If brutalism is as Virilio says, and adopts the architectural language of the bunker, and thus the reproduction of war, then brutalism is the core language of most video games. And look closely, and you can see it everywhere. These are worlds designed for violence, as Jacob Geller puts it, and it shows. Open up any number of games, and you can find it. You can see the spirit of brutalism possessing all the vertices of Quake II, see it in the industrial dystopias of Half Life 2, see it in the sprawling slaughterscapes of S.T.A.L.K.E.R. and PUBG. The architecture of these games is brutalism just as Virilio describes: the mirror image of the battlefield in the urban.

But typically, as you skulk through a dilapidated factory, you can imagine what someone could do there. You can envision someone walking through these spaces, going to work, walking home. And you see people, NPCs or enemies or corpses, around here. The city of Babbdi, despite its imposing height, does have citizens, living their little lifes, dying their little deaths. Life is possible here, abject or not. Grass poking through gaps in the sidewalk. Meanwhile, Umurangi Generation rages, joyously and passionately, against the hostility of brutalism. It’s perhaps the most scalding rejection of the naked brutalism of video games. The spires of concrete are painted with graffiti of all colors. People eat, mourn, dance. The place is undeniably alive. In spite of the very real gnawing forces of capital and empire, found manifest in the stark walls of the city, people never stop being people, they never stop living.

But when I look at the spaces of Rubicon, I cannot imagine a human even existing in these places. The spaces of Armored Core VI are often called post-apocalyptic, but that implies any society ever existed here. As I look around, I can’t see these places as even ruins. I see ladders, I see walkways, I see cars. But when I close my eyes and try to envision it, I cannot see people. As I blast my way through Grid 086, I cannot even imagine the utility of this place. What are these buildings for? What is even done here? Not just life, but labor and war, typically the last resorts of human activity that industrial capitalism permits, they both seem impossible here. No, every last vestige of the human body is invisible here. At one point, you cram your mech inside a container that’s launched across an ocean. “Cinder” Carla explains that this isn’t really built for an AC. Even the mech, an ersatz body that serves as your surrogate on this lifeless planet, is forced to bend to the hostility of this place. This planet of warehouses and parking lots.

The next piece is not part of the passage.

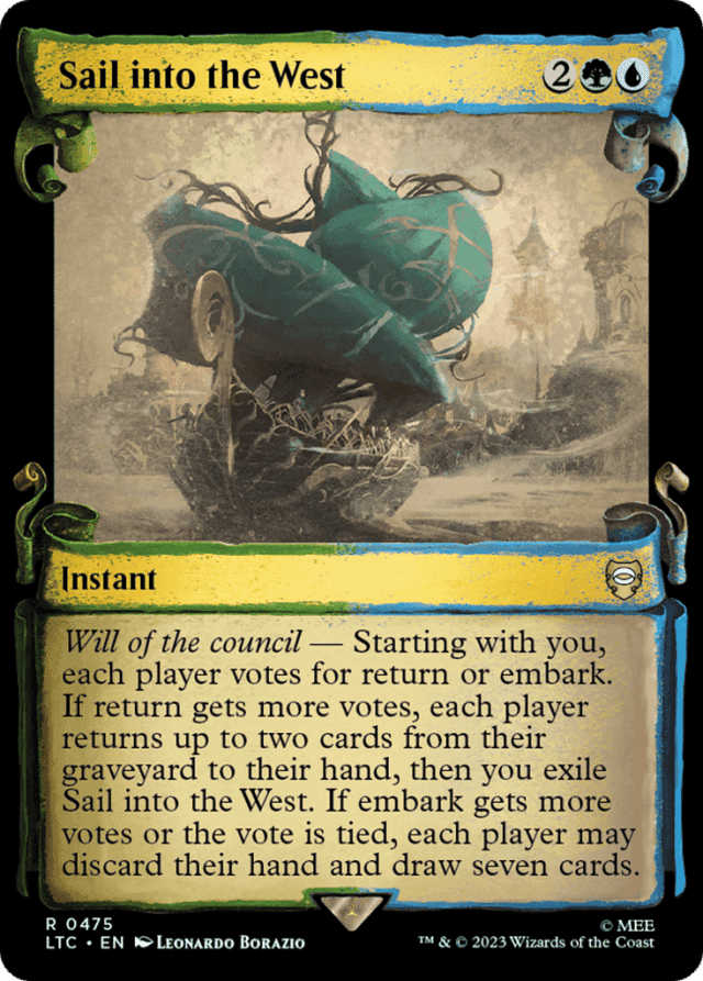 Will of the council — Starting with you, each player votes for return or embark. If return gets more votes, each player returns up to two cards from their graveyard to their hand, then you exile Sail into the West. If embark gets more votes or the vote is tied, each player may discard their hand and draw seven cards.

Xylem, this floating city, is revealed to be a massive ship. The facade gives way. It unfolds like a flower and takes to the sky. Of course it’s not a city, not really. Nobody could ever really live here. How could they? What’s revealed is that Ayre, your Rubiconian ally, literally does not have a body at all. She’s a disembodied consciousness, alive in the coral. The only way to live on Rubicon is to cast off the body, imagine life as an amorphous pulse buried deep in the crust of the planet. The glimpses of organic life on Rubicon feel wrong. The trees crumple like paper when you touch them. The strange coral worms you stumble into seem like cartoons. And coral, while apparently alive, is totally amorphous and formless; it doesn’t have an anatomy. It can live here, because it doesn’t have a body. And coral flows like sand, not destructive, not creative, but a constant flux. There are no homes here, not that I can see. All I can see here is warehouses and parking lots. Stone. Rebar. Rails. Hyperbrutalism. Perhaps it’s fitting that parts of Rubicon are named anatomically and biologically: Xylem, worm robots, Ibis, “Vascular” structures. Bodies implied, but never found. After all, the only body that could live on Rubicon would be made of concrete and steel.